> **Required work**
Look below for the line with "Consultation at Bridging the Gap Conference" and the line with "in Palestine. The". Copy exactly those two lines and every line between, but not the pictures.

[Source data]
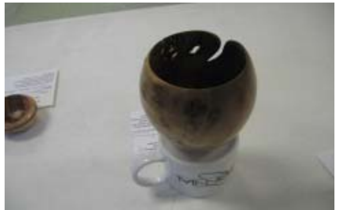
Corwin Jones' Pepperwood vessel
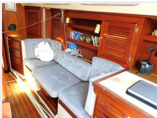
36' Catalina convertible settee and single berth
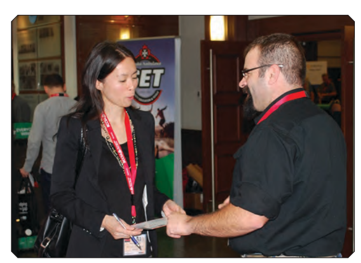
Consultation at Bridging the Gap Conference

As in previous years, the Regional Safety Advisor (RSA) initiative once
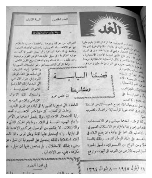
Al-Ghad, monthly journal of the League of Arab Intellectuals, September 14, 1945.

in Palestine. The Jewish community, beneficiary of British promises and policies, was eager for more British support, and regarded it as Britain's duty to come to its defense. Its opposition to the British Mandate in its final years grew out of a feeling of betrayal. For Arab nationalists, all Jewish immigration to Palestine was illegitimate and they could not conceive of political rights for members of the immigrant community, not only collectively, but also on an individual level.
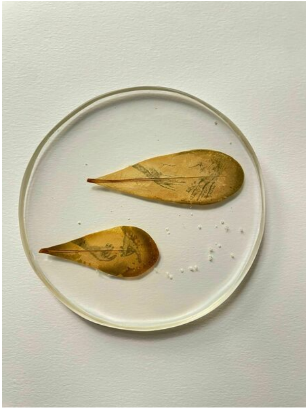
Almudena Romero , Pittosporum. The Pigment Change: The Act of Producing , 2023 Photograph printed on Pittosporum Casted in bio resin fossil.
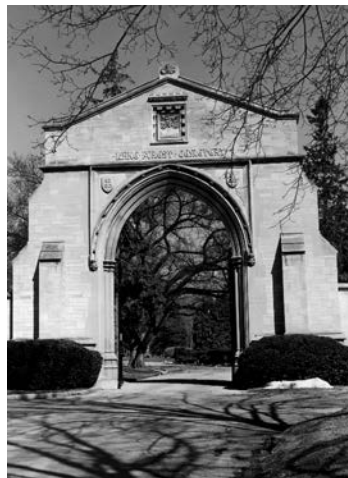
Lake Forest Cemetery
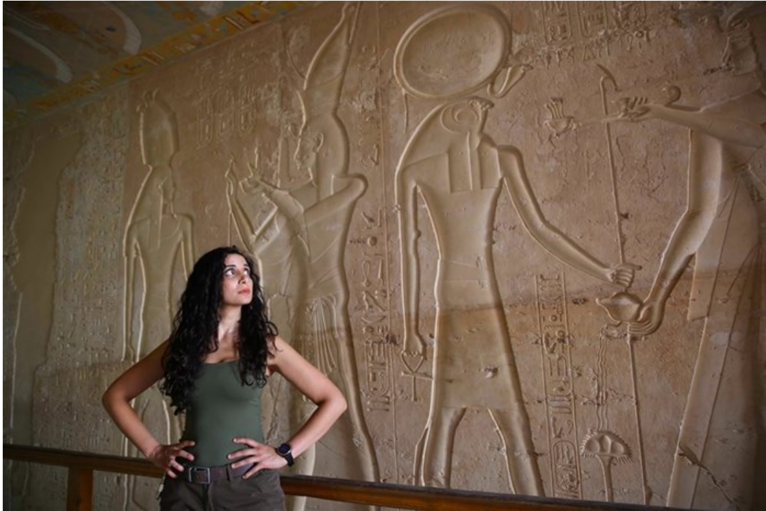
Tut's Toxic Tomb

In Lost Treasures Of Arabia , premiering Friday 28 October at 7pm, we investigate AlUla's unsolved mysteries and unravel the many dramas that played out on this ancient stage. This television special features reveals the historical heritage, exquisite natural assets and the immense legacy of art that continues to inspire future generations in this middle eastern city.
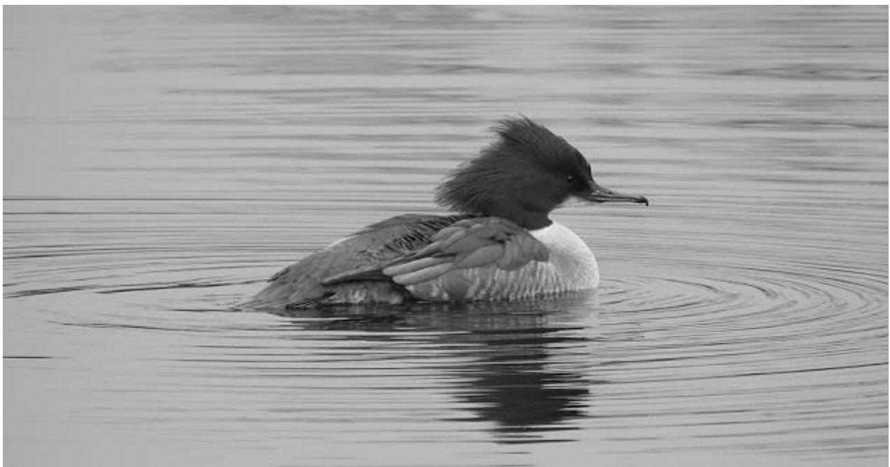
Goosander at Paxton Pits
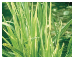
Ramu Stunt – Suspected Virus
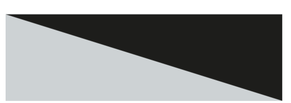
Splendid Silver with Midnight Black Roof
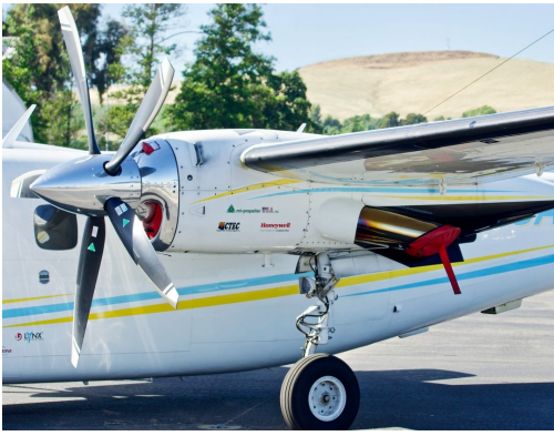
Aero Commander 690B Engine Inlet & Exhaust Plugs
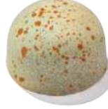
MACADAMIA PRALINE *Contains nuts
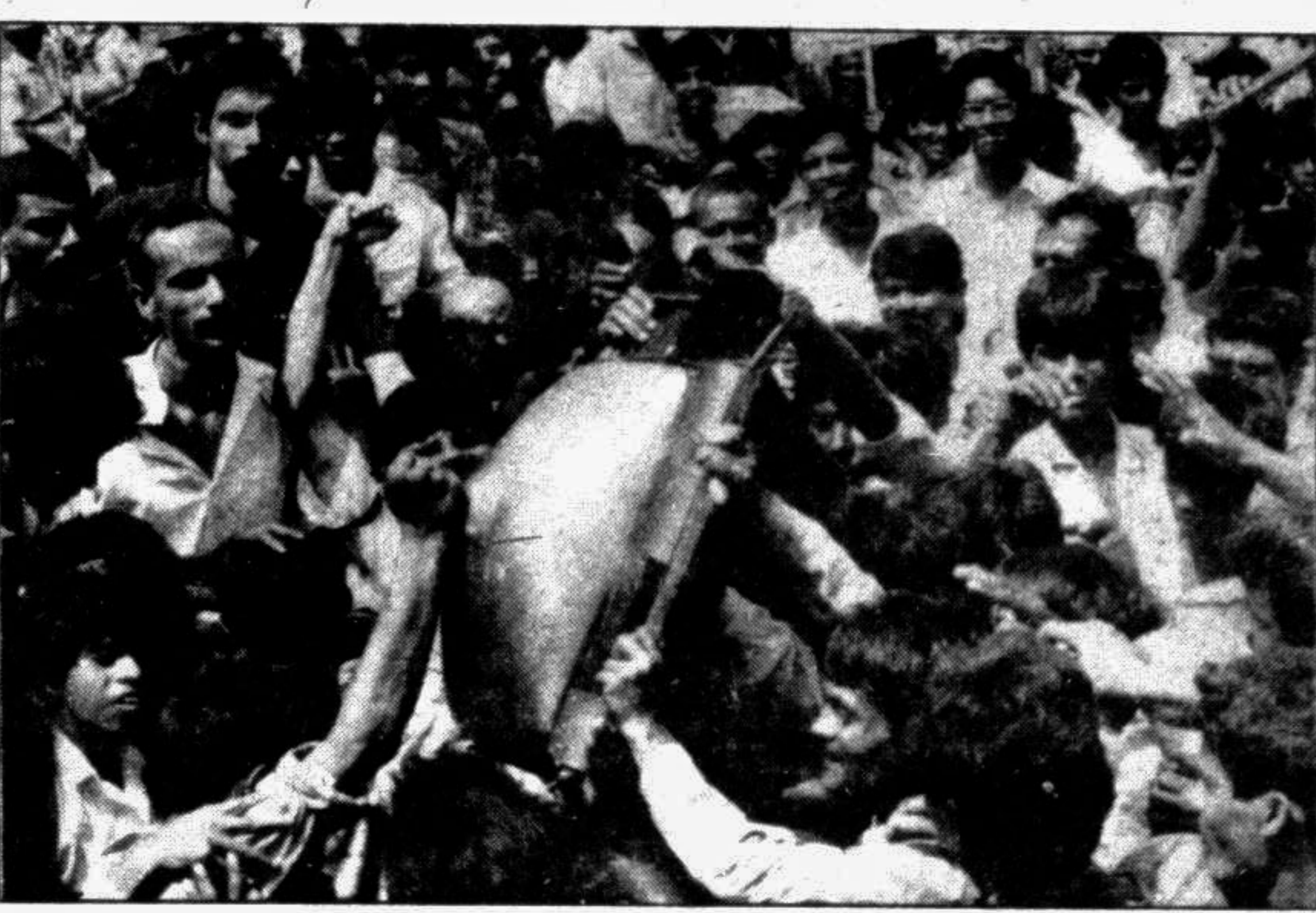
AL supporters smashing a TV set near TV Bhaban yesterday in protest against government policy on the electronic media.

> **Task answer**
Consultation at Bridging the Gap Conference

As in previous years, the Regional Safety Advisor (RSA) initiative once
Al-Ghad, monthly journal of the League of Arab Intellectuals, September 14, 1945.

in Palestine. The Jewish community, beneficiary of British promises and policies, was eager for more British support, and regarded it as Britain's duty to come to its defense. Its opposition to the British Mandate in its final years grew out of a feeling of betrayal. For Arab nationalists, all Jewish immigration to Palestine was illegitimate and they could not conceive of political rights for members of the immigrant community, not only collectively, but also on an individual level.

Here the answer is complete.